News

Insights from practitioners in Information Management

Issue 47 – Archiving web pages

Welcome to the July edition of Information Overload, this month we take a look at the issues surrounding archiving of web pages.

If according to recent definitions a record is “any record of information however recorded and includes –
(a) any thing on which there is writing or Braille;
(b) a map, plan, diagram or graph;
(c) a drawing, pictorial or graphic work, or photograph;
(d) any thing on which there are figures, marks, perforations, or symbols, having a meaning for persons qualified to interpret them;
(e) any thing from which images, sounds or writings can be reproduced with or without the aid of anything else; and
(f) any thing on which information has been stored or recorded, either mechanically, magnetically, or electronically.” West Australian State Records Act 2000. State Records Principles and Standards 2002 as published by the Government Gazette, Tuesday 5th March 2003, No 38.

If that is the case then it stands to reason that web pages should also be included in the records management mix and be subject to the same laws and considerations as all other electronic information, whether born digital or not especially if they are “in pursuance of legal obligations or in the transactions of business.” AS/ISO 15489. The question is – is anyone managing their web resources as “records” yet?

In this Issue we will be looking at:

  • Version control and the web
  • How old is your web site? And does it matter?
  • Archiving strategies
  • Does web harvesting breach copyright?
  • Book review

Version control and the web
Version control is not something that is usually discussed with relation to an organisations web site. Yet each day changes can be made to the structure and content of the pages that make up your online presence. New courses are added to the calendar, new jobs added to the employment sections, changes to product pricing are made, pages are “tweaked” to ensure a better ranking on the major search engines and so on. The question is – do you keep a copy of each change that is made so that you can prove evidence to “how things were?” The answer is – probably not. 
The question is why not?

Well there are a couple of reasons I can think of –

  • Most organisations appear to be struggling with capturing all the other electronic records it creates or receives each day; they don’t have time or resources to worry about the web site yet.
  • The “web” is managed by the IT department or “web manager” neither of whom may understand the importance of record keeping.
  • Some web creation packages don’t appear to have an archive function let alone a version control function – but you don’t have time to check.
  • And then there is the minor problem associated with security.

The beauty and therefore the main problem with “the Internet” is that anyone with a little bit of knowledge can create a web site (and probably has). Unfortunately some web sites lack basic protection allowing sensitive information to be found. And even with some security measures in place, people with some time on their hands, not to mention access to password cracking software can get into a considerable number of web sites and can become an unauthorised editor of your organisations online face.
The problem as you may know – is not the surfer who manages to stumble onto the “good stuff” (search google for the term “google hacking” and you will find information on how to get into parent directories, locate password files and even credit card information) but those people who deliberately set out to appropriate information for their own needs – industrial espionage notwithstanding, there are some people who delight in their ability to change web pages and delete information at will. 

Do you have the correct measures in place to ensure this can’t happen to you?
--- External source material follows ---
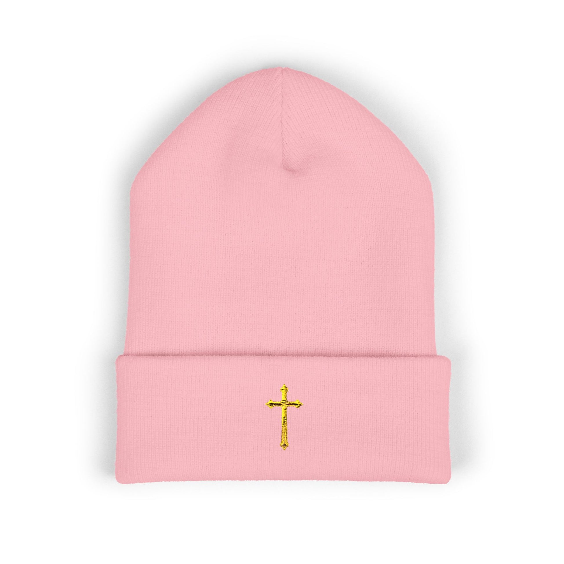 Golden Grace Cuffed Beanie – Embroidered Cross

Did you know that when most (if not all servers) are delivered they have default passwords installed so that the person setting up the system can log on and add users etc? Unfortunately a lot of these default passwords are not changed so systems are wide open to attack from someone with a pre-determined list of accounts and passwords. The most widespread case documented, involved military websites across numerous countries – so it they don’t batten down the hatches – what chance the rest of us? Stoll, Clifford: The Cuckoo’s Egg: Tracking a spy through the maze of computer espionage.

How “old” is your website? And does it matter?
It has been said that the “average lifespan for Web sites is just 44 days, according to James Billington, Librarian of Congress.” Coughlin, Kevin; Archivists say computers have no sense of history. NJ.com Thursday 19 June 2003. http://www.nj.com
I can hear the “so what” from here. 

Well going back to the version control issue just for a moment – if you remove pages from your web site, or change the information contained on those pages, and you don’t maintain a copy of the changes – how will this affect your ability to produce a “document” in its entirety should you need to, especially in the face of litigation.

Take for example a document that you wrote that contains links to your own web site – and documents contained within the web site. If the web site is changed (for whatever reason), or documents have been removed you may not be able to access or find the material it referred to. 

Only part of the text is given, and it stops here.